→ Work to complete
Every line below from the one with "Mis en avantNettoyage" through the one with "Srdečně Vás zveme" should be retyped exactly, both ends included; no other lines and no pictures.

══ Recorded information

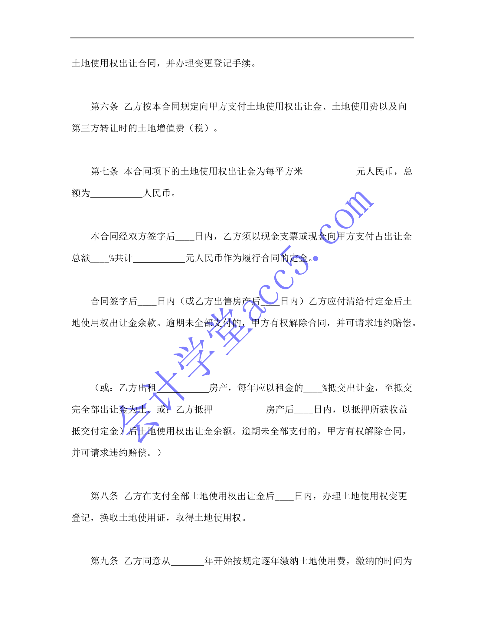 国有土地使用权出让合同
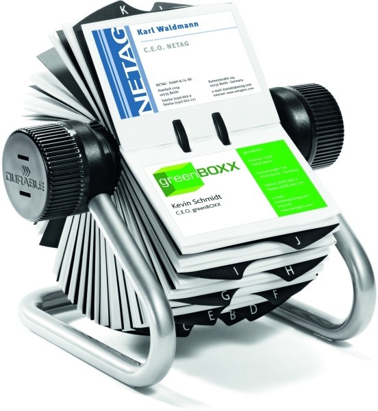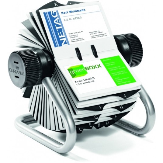 Wizytownik obrotowy na na 400 wizytówek. Z 200-stu kieszonkami w formacie 72 x 104 mm.. 25-cio częściowy rejestr, złożony z przekładek od A do Z. Dzięki specjalnemu mechanizmowi obrotowemu wygodny dostęp do wizytówek. Łatwe wyciąganie i wkładanie kieszonek na wizytówki.
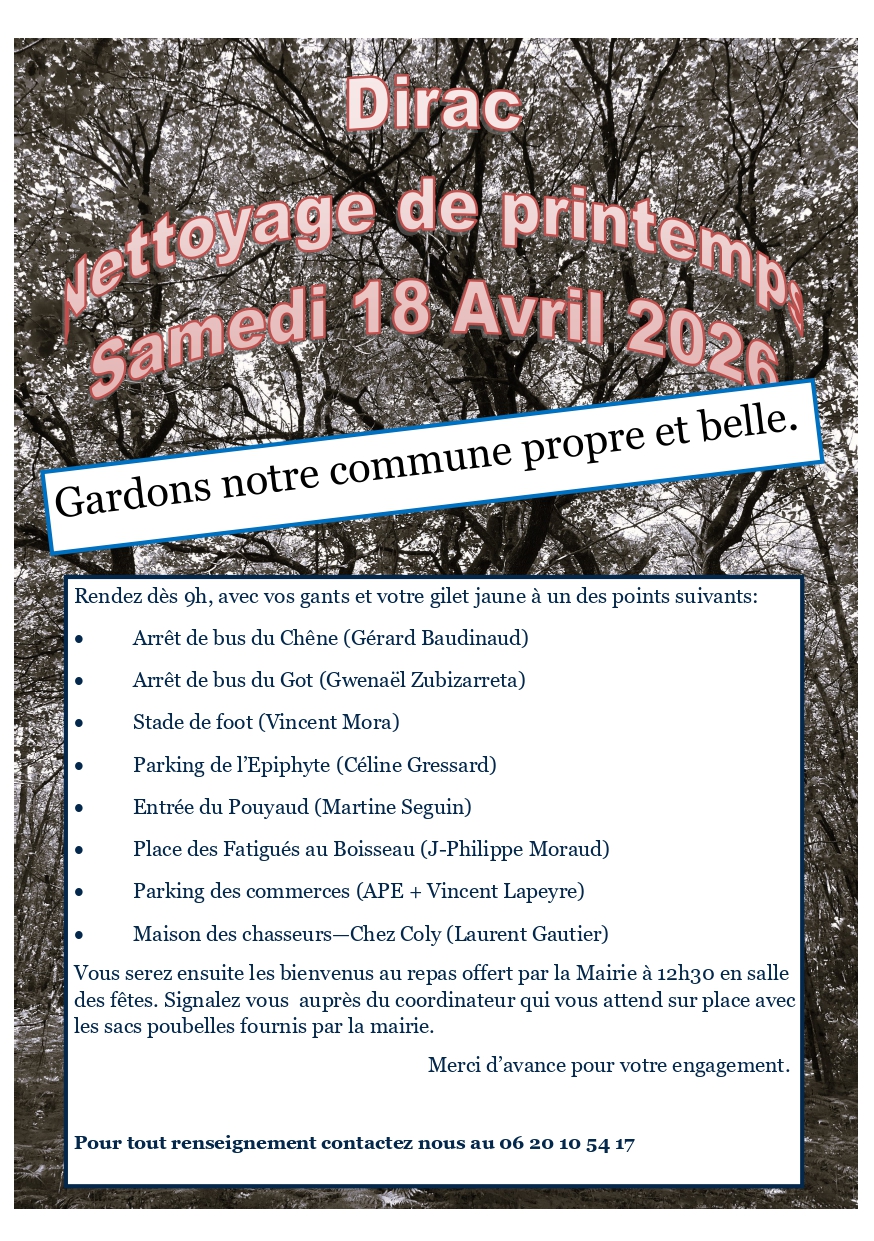 Mis en avantNettoyage de printemps 2026 Rdv des 9H00 avec vos Gants et votre gilet jaune à un des points suivants : Arrêt de bus du Chêne - Gérard BAUDINAUD . Arrêt de bus du Got - Gwenaël Zubizarreta. Stade de foot - Vincent Mora. Parking de l'Epiphyte - Celine Gressard. Entrée du Pouyaud - Martine Seguin. […]
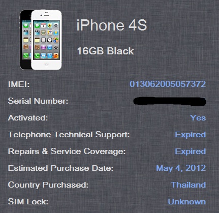 รบกวน cc ช่วยเช็คประกัน iphone 4s ให้ด้วยครับ
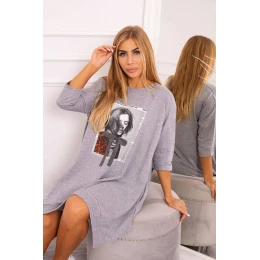 Šaty s potlačou a rozšírenou spodnou časťou šedej
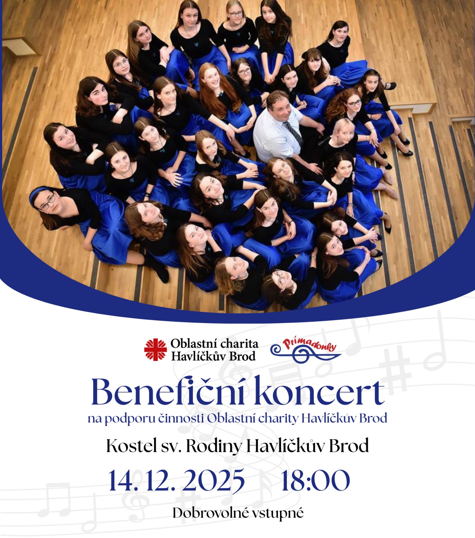 Srdečně Vás zveme na Benefiční koncert, který se uskuteční v neděli 14. prosince 2025 od 18:00 v kostele sv. Rodiny v Havlíčkově Brodě
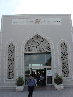 So staying out super late last night was a terrible idea. By the time i laid down and went to sleep, i barely got any sleep for today. We had to start early early because the people from Sharjah sent us a bus to pick us up at 8:00 in the morning. I have been using my ipod as an alarm and it's not the most reliable thing to use since every time i plug it in to charge it the time resets. So i woke up literally about 15 minutes before we had to board the bus, and that was only due to commotion in the hallways outside my room. Needless to say, i had no time to shower or anything. I wreaked of smoke from the night before in the soccer bar and looked like a pile of garbage all day long. Mariella told me i was the smelly kid, which i slightly resented but ultimately didn't really care about considering how tired i was the whole time. Sharjah is just a little ways north of the creek from Dubai. You can still see the Burj Khalifa from Sharjah. I couldn't tell you about the bus ride there though, because i was passed out the entire time. In a nutshell, this was my least favorite day. I don't know if it was subliminal from what Khalid told me the night before, but Sharjah lived up to all he expectations he set for me. Sharjah is much more conservative than Dubai, and is no where as rich as Dubai. Really, the only to Emirates that have much money or influence in the UAE are Abu Dhabi and Dubai. The others don't have the resources to attract the tourists and investors that Abu Dhabi and Dubai does. So to make a name for itself, Sharjah uses the little money it get from oil revenues to build museums and preserve the history of the region. It's a noble thing and i am not knocking them for it. In fact, Sharjah is known as a World Heritage Site, which is apparently a tough accolade to earn. It's just not as sparkly and exciting as the rest of the trip has been. The first place we visit is the Supreme Council for Family Affairs. This is the government agency that invited our group to come and tour Sharjah and set everything up. Our instructors were glad to accept the invitation because they didn't need to do anything. At the first meeting we went to, we sat in a room and watched a video on what the Supreme Council for Family Affairs does for the people of Sharjah. It's a noble cause, promoting development and education for children and families, especially those with special needs and what not. They also focus on advancement of women. I can't speak for all Muslim countries, but the women of the UAE are encouraged to develop themselves through education and careers. If they want to work, there are jobs for them. It's a far cry from the perception many in the west have that women are oppressed in Muslim countries. That being said, they do follow the cultural traditional dress more strictly than in Dubai. All the women we meet (the staff of the Council hosting our tour today is all women) are wearing black abias and head scarfs, many also have their faces covered. I know it's bad to say, but every time i see them, i can't help but think "ninja". They don't let us take pictures of them, and the older women who are married politely decline to even shake my hand, or any of the men in our group for that matter. It is a very conservative society, but they are very focused on community from what i can gather from the video. After the video, we do a little question and answer session and are treated to a light breakfast before we get back on the bus and head to the first museum.The first one we go to is the Sharjah Archaeological Museum. Our guide is a man dressed in a kandura (white robe) and head scarf, and he's very knowledgeable about the subject of
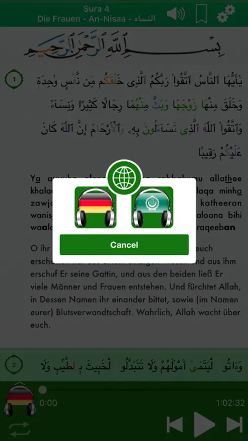 Diese Anwendung gibt Ihnen die Fähigkeit, lesen und hören alle 114 Kapitel des Heiligen Quran auf Ihrem iPhone / iPad / iPod Touch.
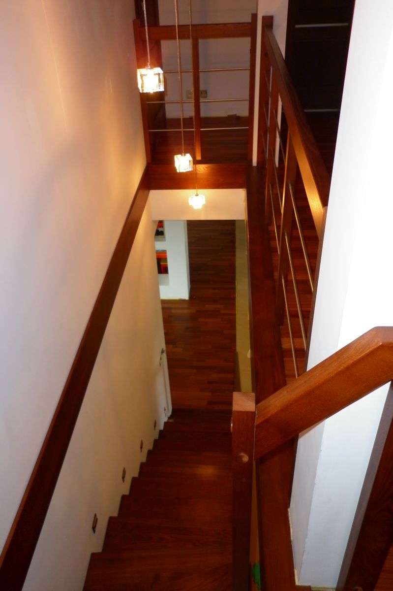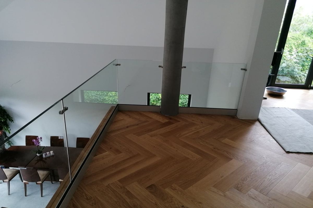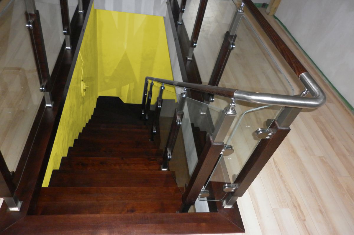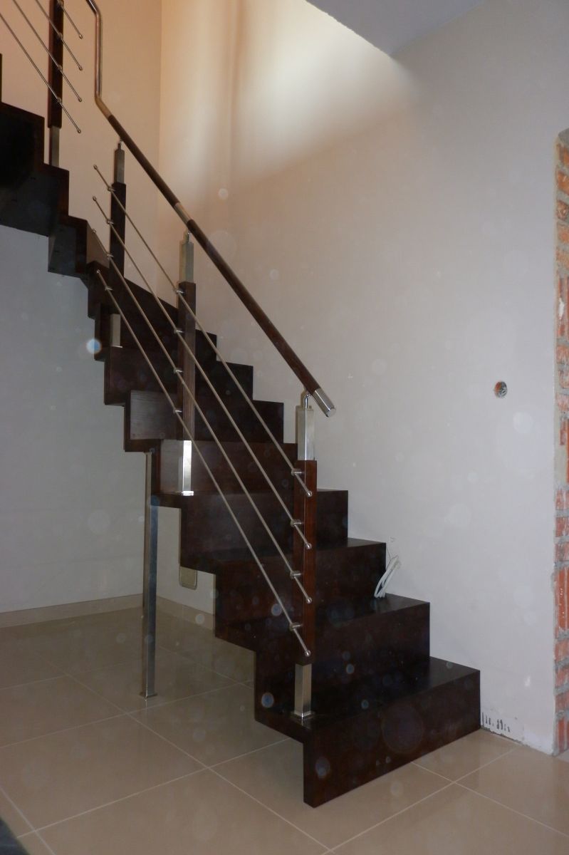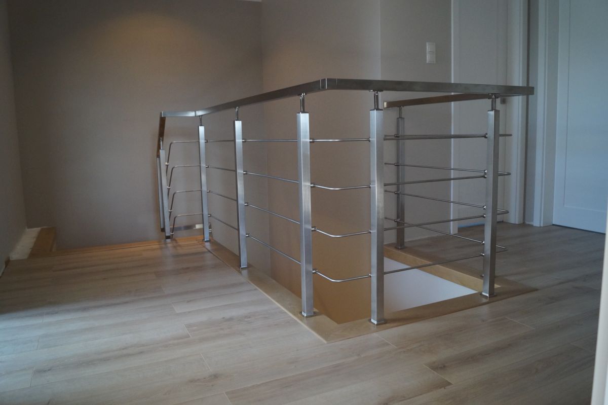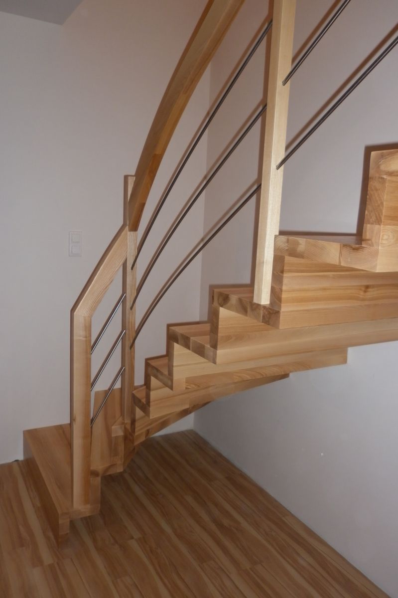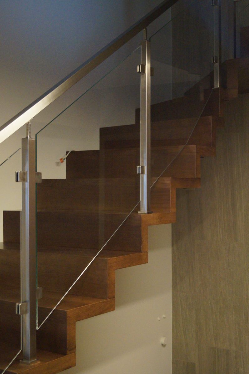 Do tego typu schodów proponujemy nowoczesne balustrady ze stali nierdzewnej połączone ze szkłem lub drewnem, ewentualnie balustradą całoszklaną.
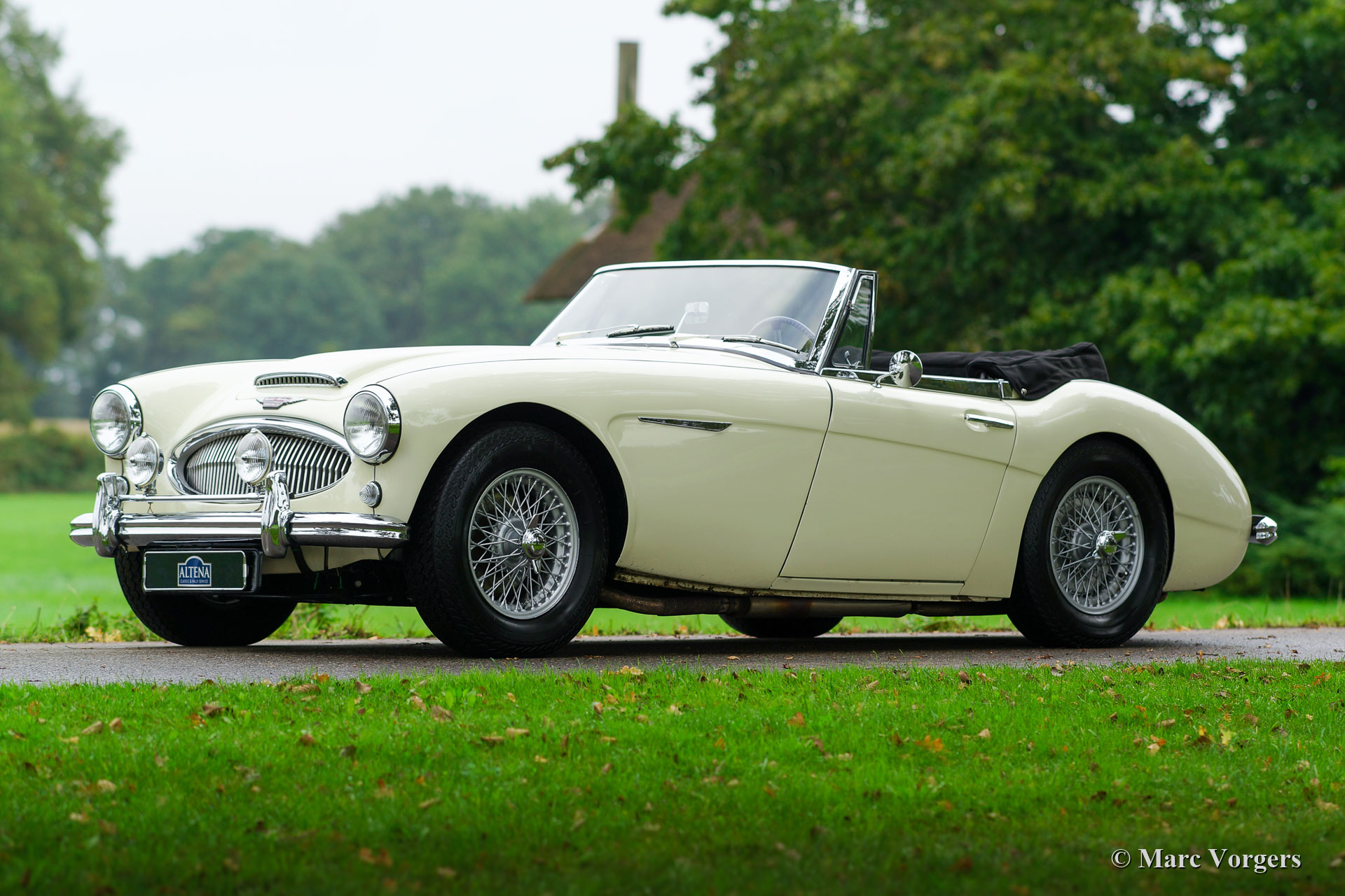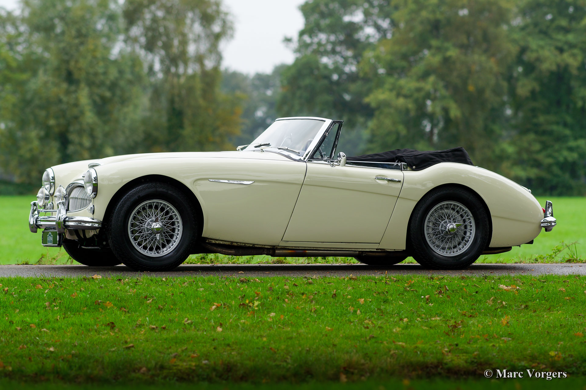 Austin Healey 3000 Mk III, Jahr 1964. "Matching numbers“, ein Heritage-Zertifikat zur Bestätigung liegt vor. Farbe „Old English White“ kombiniert mit einem schwarzen Interieur und schwarzem Teppich. Schwarzes Mohair Verdeck und schwarze Mohair Haube. Dieser wundervolle „Big Healey“ wurde in den USA neu verkauft, im Jahr 2014 wurde das Auto in die Niederlande importiert. Nach der Ankunft in den Niederlanden wurde das Auto restauriert. Eine Datei mit Wiederherstellungsrechnungen ist vorhanden. Dieser Austin Healey ist in einem sehr guten Zustand und das Auto fährt perfekt! Der Maschinenraum ist wunderschön detailliert. Das Auto ist ausgestattet mit overdrive, silber lackierten Speichenrädern, Vredestein Classic-Reifen, Lucas SFT576 Nebelscheinwerfern vorn, einem Edelstahl-Auspuff und dem Originallenkrad. Dieser wunderbare „Big Healey“ ist bereit, in vollen Zügen genossen zu werden!

════

→ Response area
 Mis en avantNettoyage de printemps 2026 Rdv des 9H00 avec vos Gants et votre gilet jaune à un des points suivants : Arrêt de bus du Chêne - Gérard BAUDINAUD . Arrêt de bus du Got - Gwenaël Zubizarreta. Stade de foot - Vincent Mora. Parking de l'Epiphyte - Celine Gressard. Entrée du Pouyaud - Martine Seguin. […]
 รบกวน cc ช่วยเช็คประกัน iphone 4s ให้ด้วยครับ
 Šaty s potlačou a rozšírenou spodnou časťou šedej
 Srdečně Vás zveme na Benefiční koncert, který se uskuteční v neděli 14. prosince 2025 od 18:00 v kostele sv. Rodiny v Havlíčkově Brodě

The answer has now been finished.